* RECORDS FOR THIS EXERCISE:
=== Section Start ===

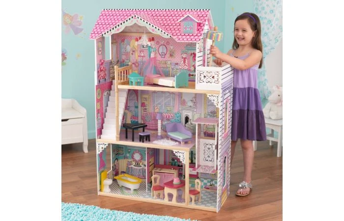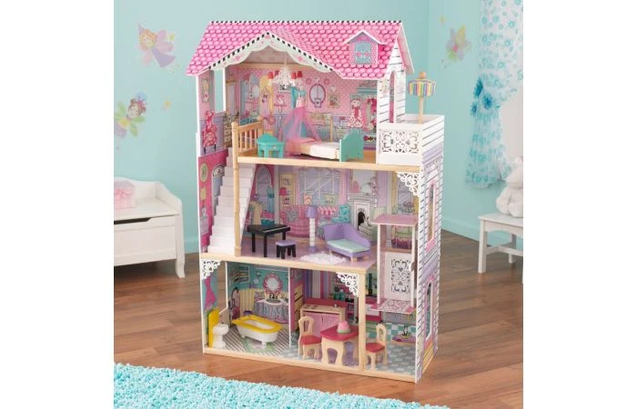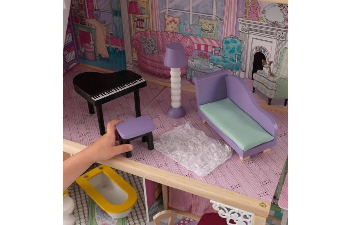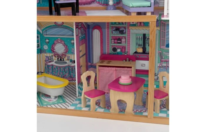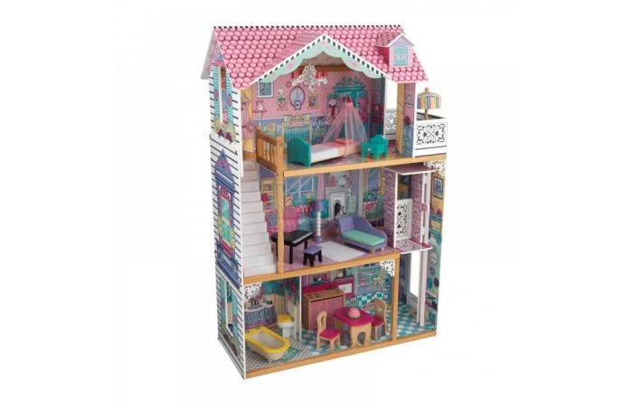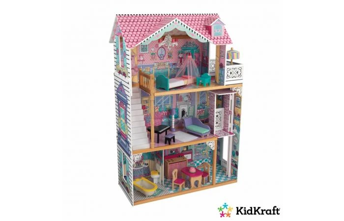 Het felgekleurde, vrolijke Annabelle Poppenhuis van KidKraft is ruim 1,20 m hoog en telt drie verdiepingen speelplezier, vier ruime kamers en een balkon. Een schuiflift brengt de poppen naar de tweede verdieping. De meegeleverde, 17-delige meubelset biedt eindeloze inrichtings- en speelmogelijkheden voor poppen van 30 cm
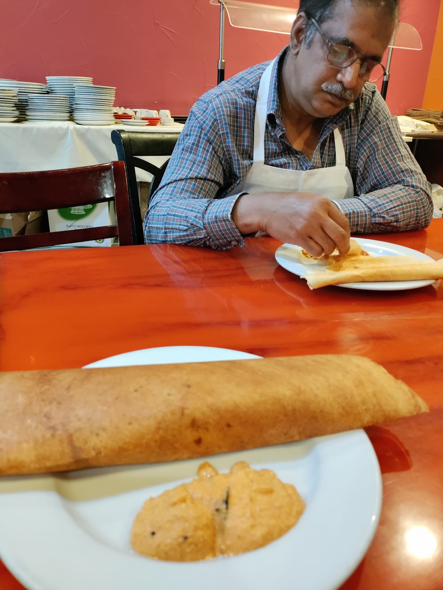 We went here with a party of 4 and ordered Rava Dosa, tandoori sizzler, Idli/Masala Dosa and vada plate and 2 rasam.
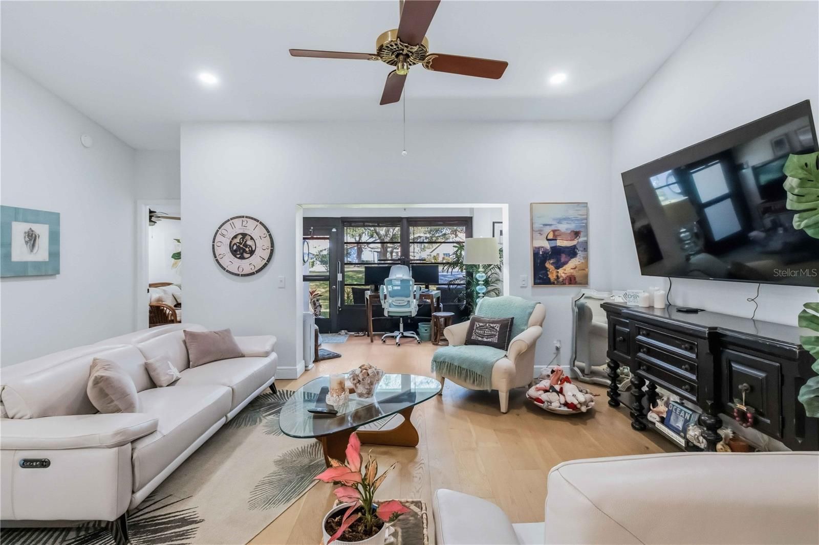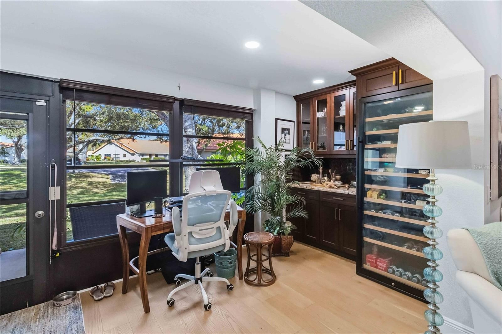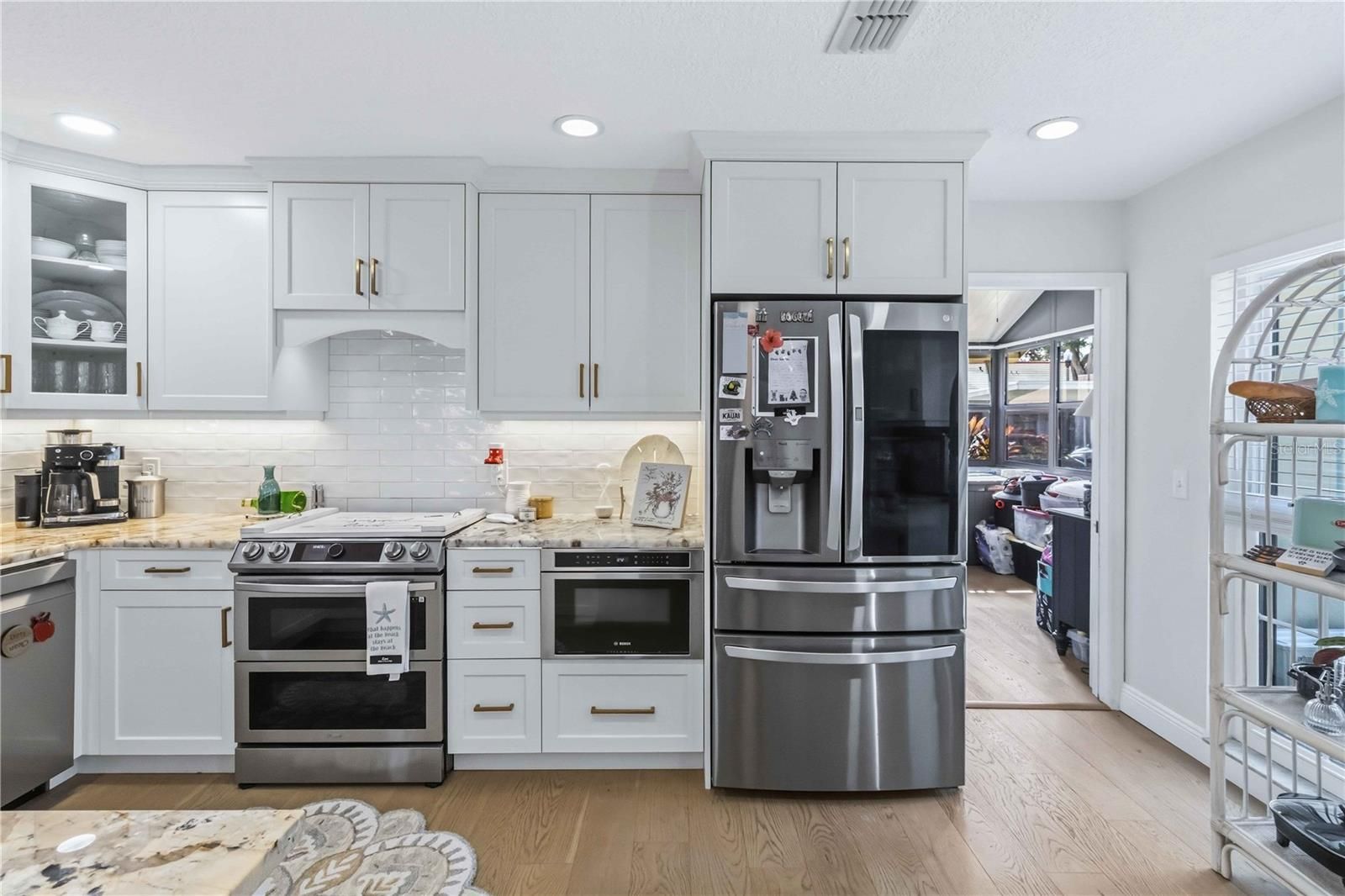Welcome to 2270 Citrus Court, ideally located on a quiet cul-de-sac in the desirable Villas at Arbor Lakes, a well-established 55+ community in Clearwater. Completely remodeled in 2023, this one-of-a-kind villa showcases distinctive, high-end finishes rarely found in the community. The home features new engineered hardwood floors throughout, a stunning renovated kitchen with new appliances and illuminated quartz countertops, and a cheerful den accented by a custom wet bar and beverage cooler—perfect for entertaining. A spacious three-season room with its own air conditioning adds versatile living space year-round, while the beautifully updated bathrooms offer elegant, modern touches. Additional updates include a newer AC installed in 2019, providing peace of mind. Residents enjoy a truly maintenance-free lifestyle with access to a clubhouse, heated lakefront pool, fishing dock, outdoor gathering areas, and HOA-maintained grounds, along with included cable, internet, trash, and exterior maintenance. Conveniently located near shopping, dining, hospitals, major roadways, and Clearwater’s world-famous beaches, this exceptional home blends thoughtful design, unique upgrades, and carefree Florida living.
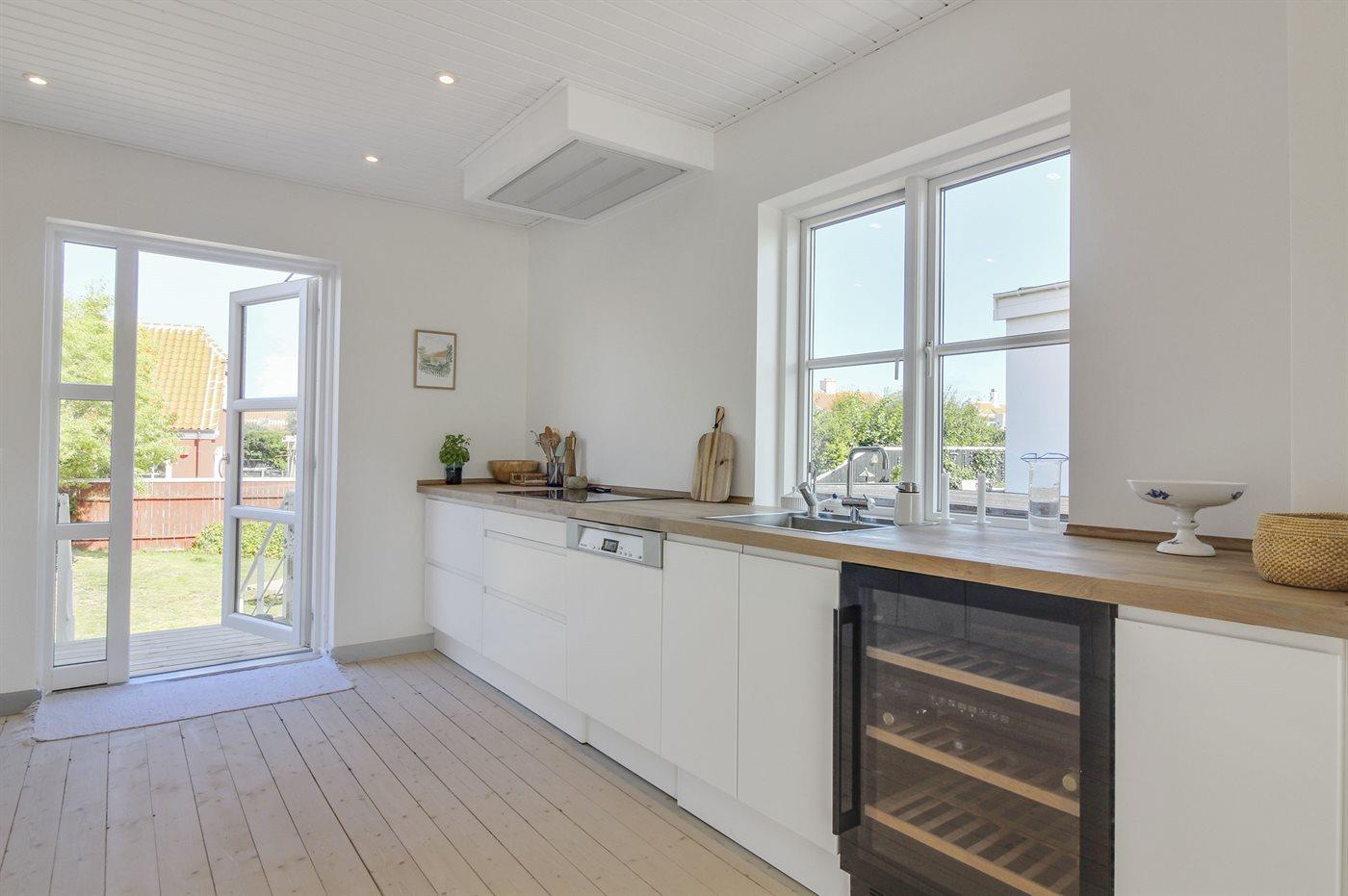 Køkkenet er udstyret med 1 køleskab. Der er 4 induktionskogeplader, varmluftovn, mikrobølgeovn samt opvaskemaskine.
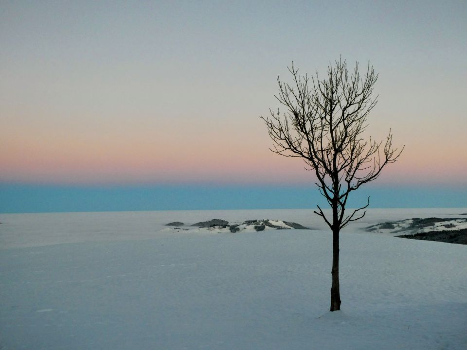 Tourstart kurz nach 7.00 bei dichtem Nebel und -6°. Die Nebelobergrenze lag nur wenig oberhalb des Dorfes Eggerstanden. Darüber herrschte morgens noch ein wolkenloser Himmel.
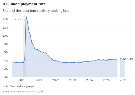 美国劳工统计局最新数据显示,失业率升至 4.4%。
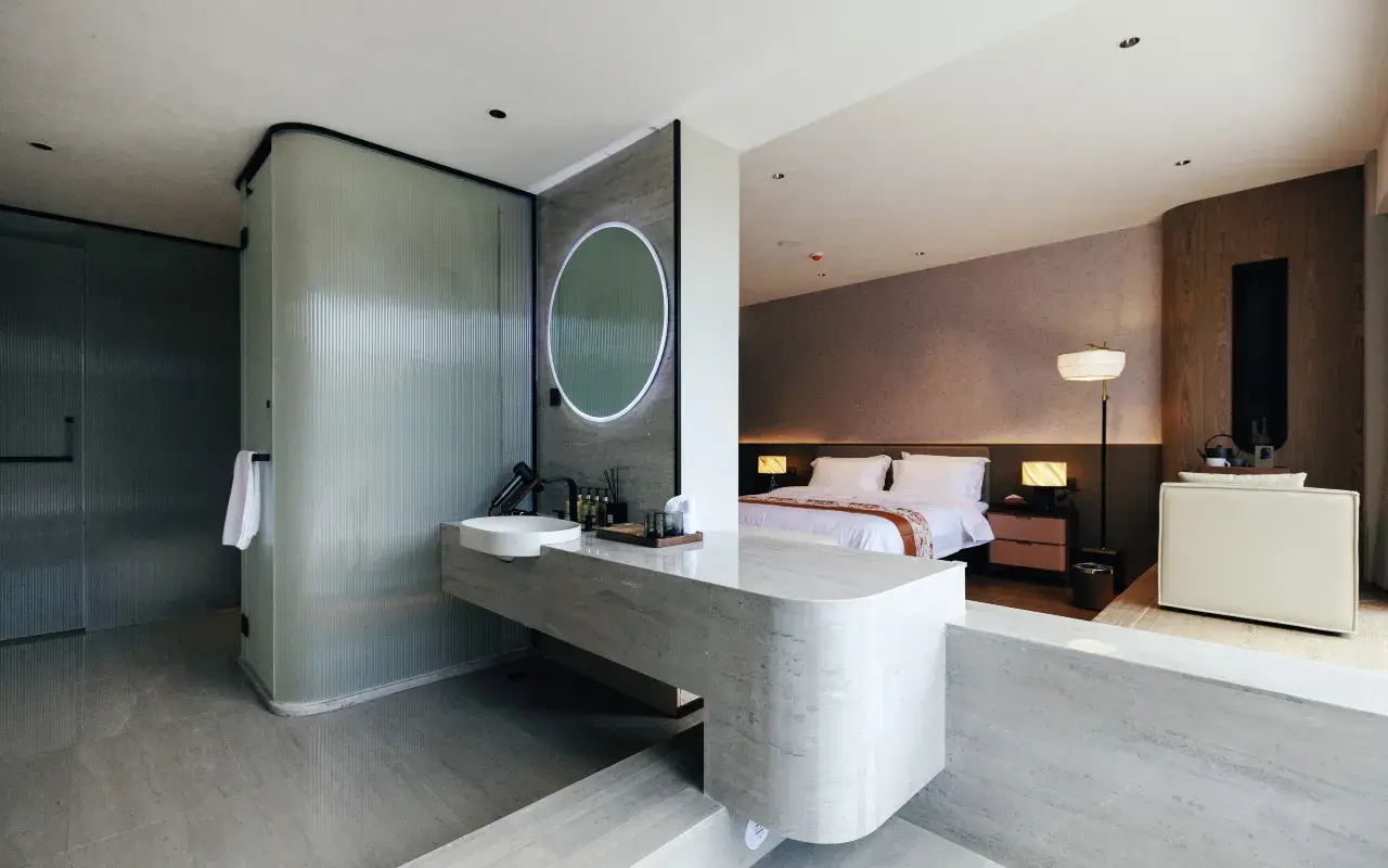 自然留白去装饰化的简约设计出自著名建筑设计师闫明之手,随处可见的几何形状就如相机取景器,将不同的风景透过“几何取景框”载入你的眼帘。

=== Section End ===

* TASK GOAL: An exact copy of all the lines above is required, with the pictures removed.

* ANSWER BOX:
 Het felgekleurde, vrolijke Annabelle Poppenhuis van KidKraft is ruim 1,20 m hoog en telt drie verdiepingen speelplezier, vier ruime kamers en een balkon. Een schuiflift brengt de poppen naar de tweede verdieping. De meegeleverde, 17-delige meubelset biedt eindeloze inrichtings- en speelmogelijkheden voor poppen van 30 cm
 We went here with a party of 4 and ordered Rava Dosa, tandoori sizzler, Idli/Masala Dosa and vada plate and 2 rasam.
Welcome to 2270 Citrus Court, ideally located on a quiet cul-de-sac in the desirable Villas at Arbor Lakes, a well-established 55+ community in Clearwater. Completely remodeled in 2023, this one-of-a-kind villa showcases distinctive, high-end finishes rarely found in the community. The home features new engineered hardwood floors throughout, a stunning renovated kitchen with new appliances and illuminated quartz countertops, and a cheerful den accented by a custom wet bar and beverage cooler—perfect for entertaining. A spacious three-season room with its own air conditioning adds versatile living space year-round, while the beautifully updated bathrooms offer elegant, modern touches. Additional updates include a newer AC installed in 2019, providing peace of mind. Residents enjoy a truly maintenance-free lifestyle with access to a clubhouse, heated lakefront pool, fishing dock, outdoor gathering areas, and HOA-maintained grounds, along with included cable, internet, trash, and exterior maintenance. Conveniently located near shopping, dining, hospitals, major roadways, and Clearwater’s world-famous beaches, this exceptional home blends thoughtful design, unique upgrades, and carefree Florida living.
 Køkkenet er udstyret med 1 køleskab. Der er 4 induktionskogeplader, varmluftovn, mikrobølgeovn samt opvaskemaskine.
 Tourstart kurz nach 7.00 bei dichtem Nebel und -6°. Die Nebelobergrenze lag nur wenig oberhalb des Dorfes Eggerstanden. Darüber herrschte morgens noch ein wolkenloser Himmel.
 美国劳工统计局最新数据显示,失业率升至 4.4%。
 自然留白去装饰化的简约设计出自著名建筑设计师闫明之手,随处可见的几何形状就如相机取景器,将不同的风景透过“几何取景框”载入你的眼帘。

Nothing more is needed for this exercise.